§ PROBLEM DETAILS
Give back exactly the line containing "TEMU 싱글팩 한국식" and all that follow it in the data below, with the pictures left out.

§ DATA SECTION
________________________________________

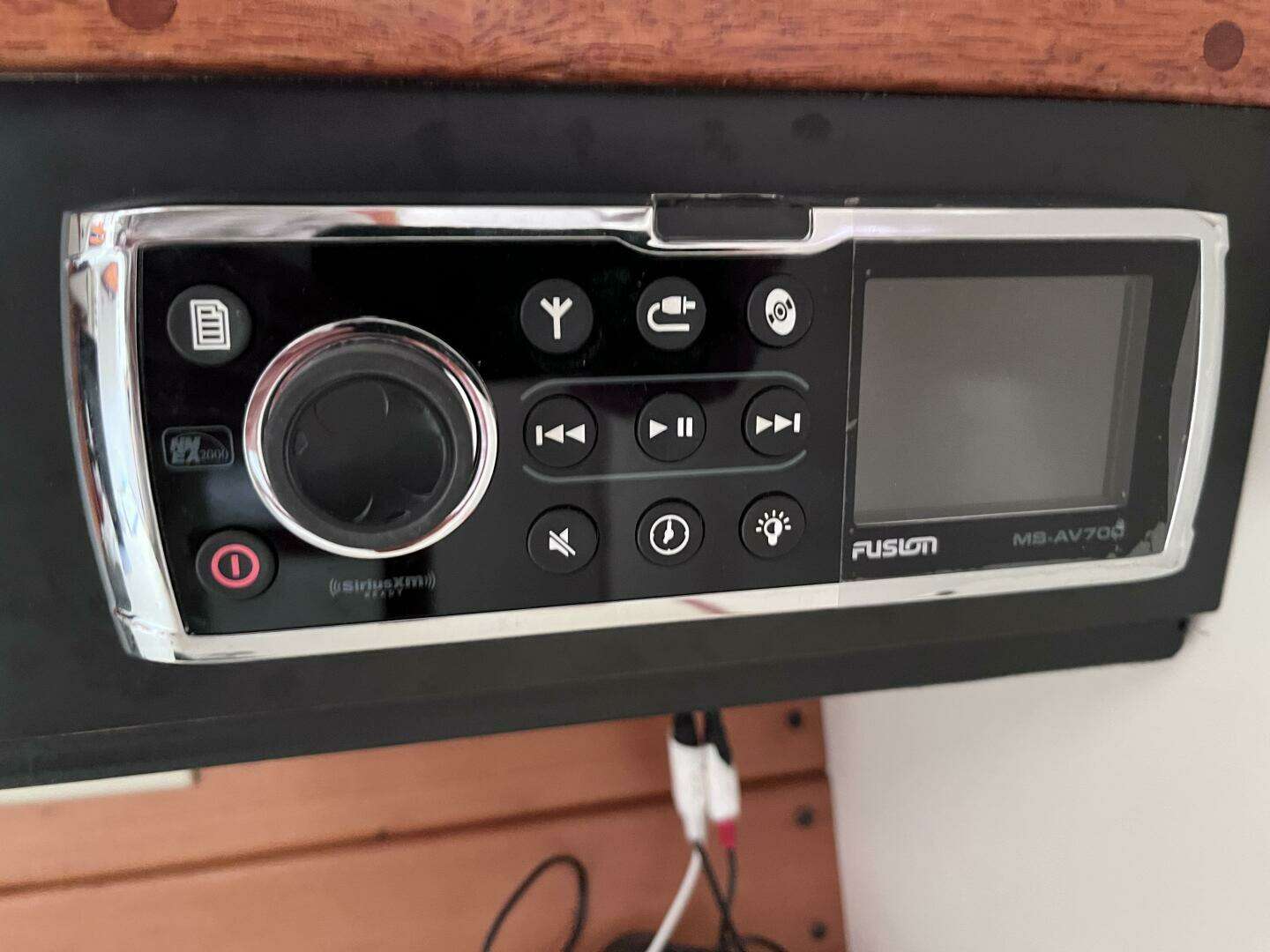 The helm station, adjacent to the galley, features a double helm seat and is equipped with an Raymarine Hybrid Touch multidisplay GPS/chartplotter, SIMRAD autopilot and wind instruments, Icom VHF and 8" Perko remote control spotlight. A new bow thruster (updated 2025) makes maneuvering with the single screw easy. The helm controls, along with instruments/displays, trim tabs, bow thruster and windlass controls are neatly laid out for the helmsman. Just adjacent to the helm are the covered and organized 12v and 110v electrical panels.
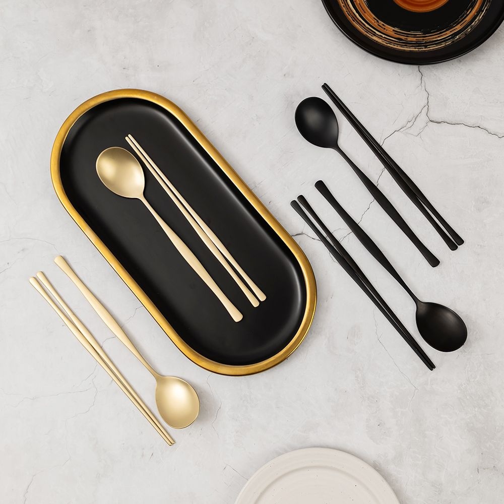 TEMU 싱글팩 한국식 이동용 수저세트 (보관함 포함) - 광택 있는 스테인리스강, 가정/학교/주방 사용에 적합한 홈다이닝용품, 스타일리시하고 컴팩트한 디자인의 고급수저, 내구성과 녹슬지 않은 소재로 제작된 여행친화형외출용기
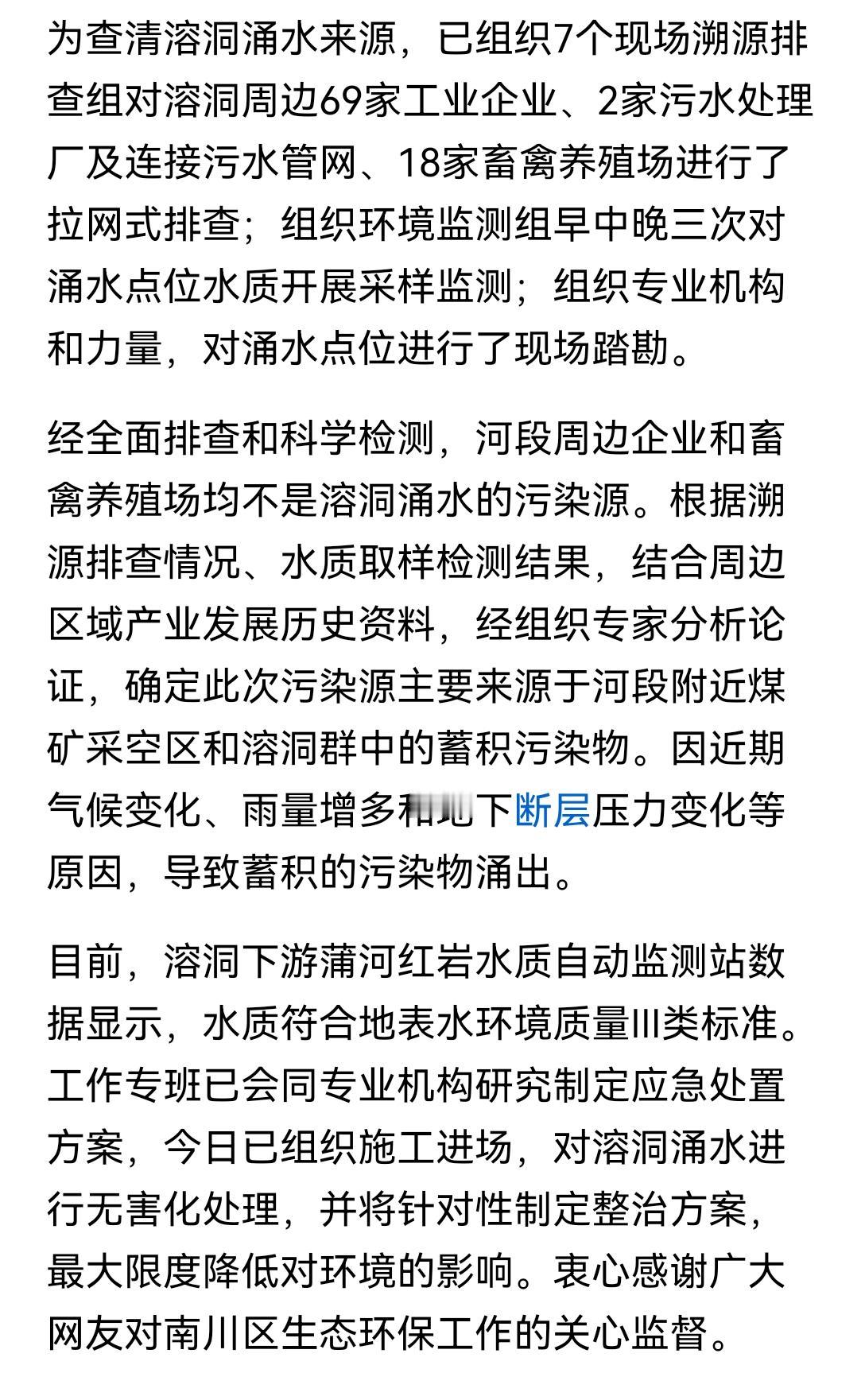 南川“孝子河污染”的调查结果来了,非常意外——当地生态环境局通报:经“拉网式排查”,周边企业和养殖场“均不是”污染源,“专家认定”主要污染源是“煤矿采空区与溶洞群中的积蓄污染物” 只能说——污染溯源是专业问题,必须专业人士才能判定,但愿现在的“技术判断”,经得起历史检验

________________________________________

§ RESULT FOR THIS EXERCISE
 TEMU 싱글팩 한국식 이동용 수저세트 (보관함 포함) - 광택 있는 스테인리스강, 가정/학교/주방 사용에 적합한 홈다이닝용품, 스타일리시하고 컴팩트한 디자인의 고급수저, 내구성과 녹슬지 않은 소재로 제작된 여행친화형외출용기
 南川“孝子河污染”的调查结果来了,非常意外——当地生态环境局通报:经“拉网式排查”,周边企业和养殖场“均不是”污染源,“专家认定”主要污染源是“煤矿采空区与溶洞群中的积蓄污染物” 只能说——污染溯源是专业问题,必须专业人士才能判定,但愿现在的“技术判断”,经得起历史检验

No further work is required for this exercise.